= Braga Parque =

Shopping mall in Braga, Portugal

Braga Parque is a shopping mall in the city of Braga, owned by Urbaminho, which is a 70-30% joint between Mundicenter and local businessmen. Second largest mall north of Porto, it opened in 1999 and has a gross leasable area of 50,000 m², 180 stores, including Primark, Zara, Pandora, McDonalds's and others and a nine-screen Cinemas NOS multiplex.

==History==
Braga Parque opened on 13 May 1999, not long after the opening of Bragashopping at Avenida Central in 1996 and Minho Center in 1997. It opened adjacent to the Feira Nova hypermarket (the first from the chain) which opened in 1989. The initial phase included ninety stores, a seven-screen cinema, a health club and an amusement center (Big Fun, from Spanish company CIRSA).

On 15 November 2007, the first enlargement opened, upgrading to 105 stores and opening the city's Fnac store.

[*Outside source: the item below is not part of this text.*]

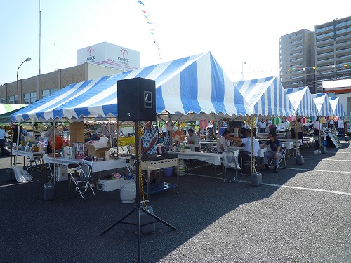 富士登山した登山客の皆様を、地元商店街の皆さんが世界遺産センター前でおもてなしをしました。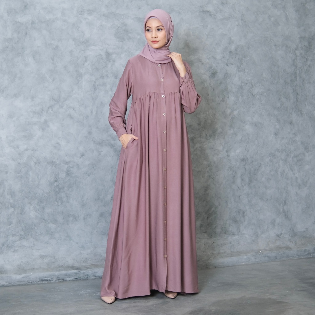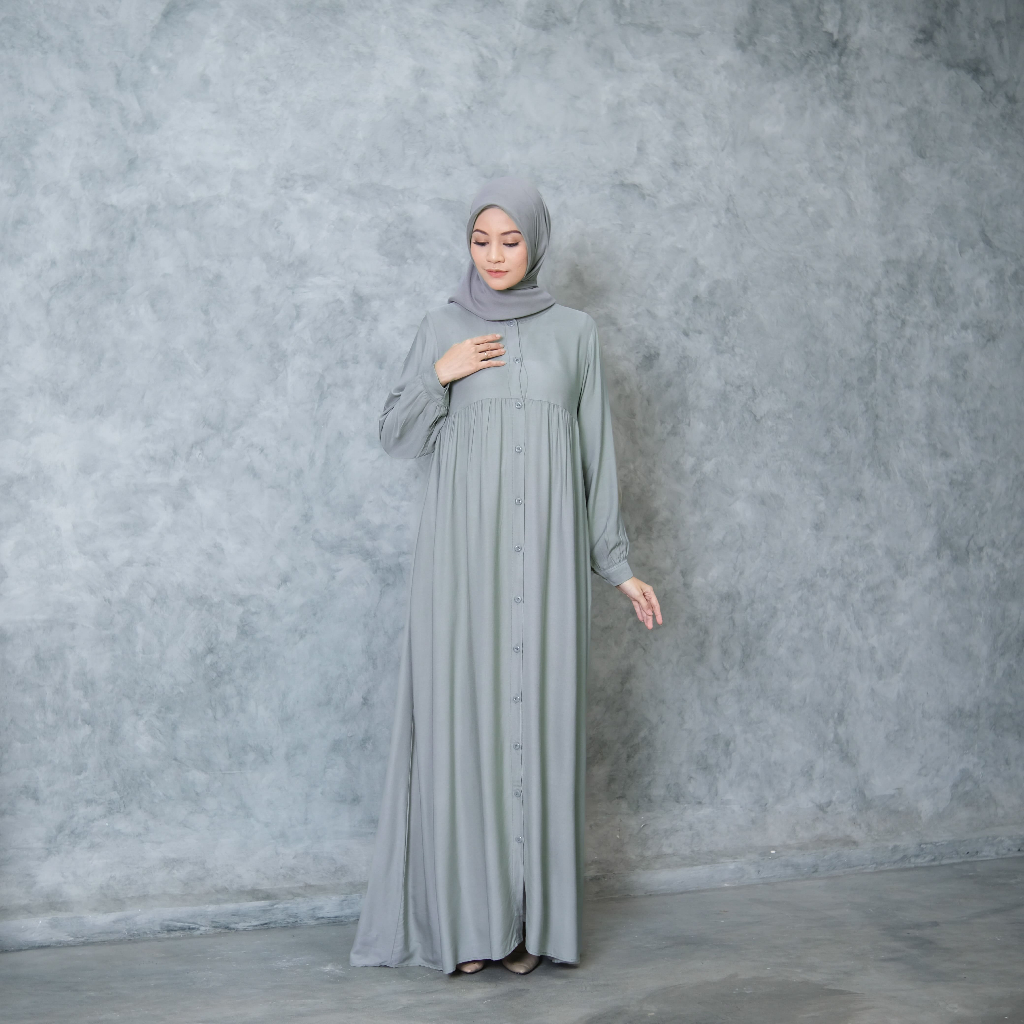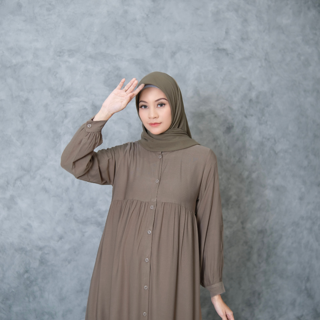 Gamis Full Kancing Rayon Twill Gamis Polos Premium Muslim Wanita Gamis Lengan Kancing

On 1 October 2009, it opened the third phase of its expansion project On 6 March 2010, the existing Feira Nova was replaced by a Pingo Doce.

==Cinemas==
The cinemas opened alongside the mall as a Warner Lusomundo multiplex. Until the renovation, it had seven screens for a total of 1,500 seats. The current configuration opened as part of the first enlargement, increasing the number of screens to nine. One of them at the time of opening was the first Lusomundo screen with RealD 3D technology without a 35mm projector. On 1 July 2011, the mall unveiled its new brand identity.

==Controversies==
In September 2022, it was reported that several stray shopping carts from the mall's Pingo Doce hypermarket which were found broken in the area around the University of Minho.